The significant piece is that we are calling sock_put *after*.  So if we
are dropping the last reference the buffer is already in the
sk_error_queue and will be purged when __sk_free is called.

> Seems like maybe this should be in sock_queue_err_skb() itself, since it
> does the orphaning first and then looks at the socket. Or the
> documentation for that function should state that it has to be held, but
> there are plenty of callers?

The problem is there are a number of cases where the sock_hold/put are
not needed.  For example, if we were to clone the skb and immediately
send the clone up the sk_error_queue then we don't need it.  We only
need it if there is a risk that orphaning the buffer sent could
potentially result in the destructor calling __sk_free.

>>  			spin_lock_irqsave(&local->ack_status_lock, flags);
>> -			id = idr_alloc(&local->ack_status_frames, orig_skb,
>> +			id = idr_alloc(&local->ack_status_frames, ack_skb,
>>  				       1, 0x10000, GFP_ATOMIC);
>>  			spin_unlock_irqrestore(&local->ack_status_lock, flags);
>>  
>>  			if (id >= 0) {
>>  				info_id = id;
>>  				info_flags |= IEEE80211_TX_CTL_REQ_TX_STATUS;
>> -			} else if (skb_shared(skb)) {
>> -				kfree_skb(orig_skb);
>>  			} else {
>> -				kfree_skb(skb);
>> -				skb = orig_skb;
>> +				kfree_skb(ack_skb);
>>  			}
> 
> So you're removing this part, but can't we really not reuse the clone_sk
> copy? The difference is that it's charged, but that's fine for the
> purposes here, no? Or am I misunderstanding that?
> 
> johannes

The copy being held cannot really be used for transmit.  The problem is
that it is holding the wrong kind of reference.

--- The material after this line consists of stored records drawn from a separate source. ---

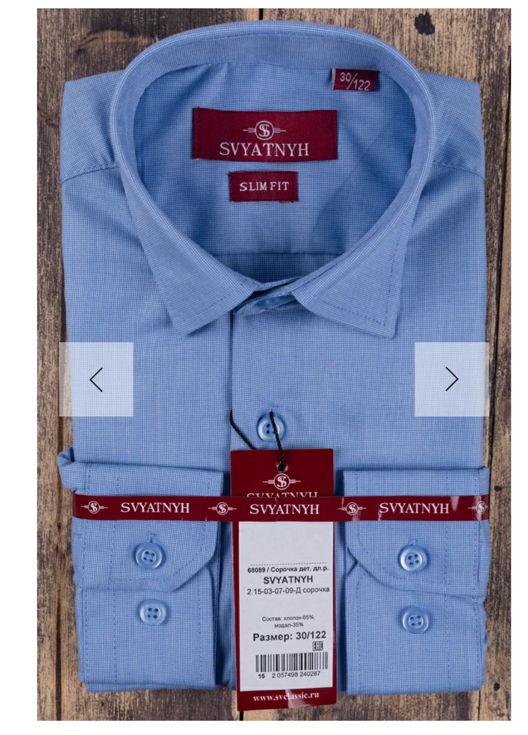 Рубаха голубая, длинный рукав , приталенная
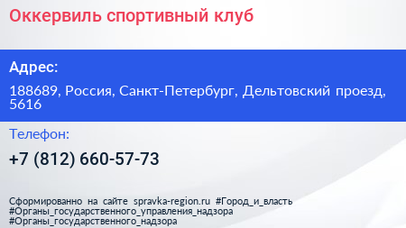 Оккервиль, спортивный клуб по адресу 188689, Россия, Санкт-Петербург, Дельтовский проезд, 5616 в дальнейшем Организация, размещена в следующих категориях:
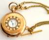 together with a lady's Omega wrist watch; a rolled gold cased pocket watch by Elgin; a gold fine link bracelet; and a white gold neck chain

The problem lies in the order things are released.  The sock_put
function will dec_and_test sk_refcnt, once it reaches 0 it will do a
dec_and_test on sk_wmem_alloc to see if it should call __sk_free.  Until
that reaches 0 sk_wmem_alloc cannot reach 0.  Once either of these drops
to 0 we cannot bring the value back up from there.  So if I were to
transmit the clone then it could let the sk_refcnt drop to 0 in which
case any calls to sock_hold are invalid.

I would need to somehow hold the reference based on sk_wmem_alloc if we
want to transmit the clone.  Many of the hardware timestamping drivers
seem to just clone the original skb, queue that clone onto the
sk_error_queue, and then free the original after completing the call.  I
suppose we could change it to something like that, but you are still
looking at possibly 2 clones in that case anyway.

Thanks,

Alex
--
To unsubscribe from this list: send the line "unsubscribe netdev" in
the body of a message to majordomo@vger.kernel.org
More majordomo info at  http://vger.kernel.org/majordomo-info.html
Johannes Berg Sept. 11, 2014, 3:53 p.m. UTC | #5
On Thu, 2014-09-11 at 08:21 -0700, Alexander Duyck wrote:

[...]
> >>  EXPORT_SYMBOL_GPL(skb_complete_wifi_ack);
> > 
> > Here I'm not sure it matters *for this function*? Wouldn't it be freed
> > then in sock_put(), which has the same net effect on this function
> > overall? It doesn't use it after sock_queue_err_skb().
> 
> The significant piece is that we are calling sock_put *after*.  So if we
> are dropping the last reference the buffer is already in the
> sk_error_queue and will be purged when __sk_free is called.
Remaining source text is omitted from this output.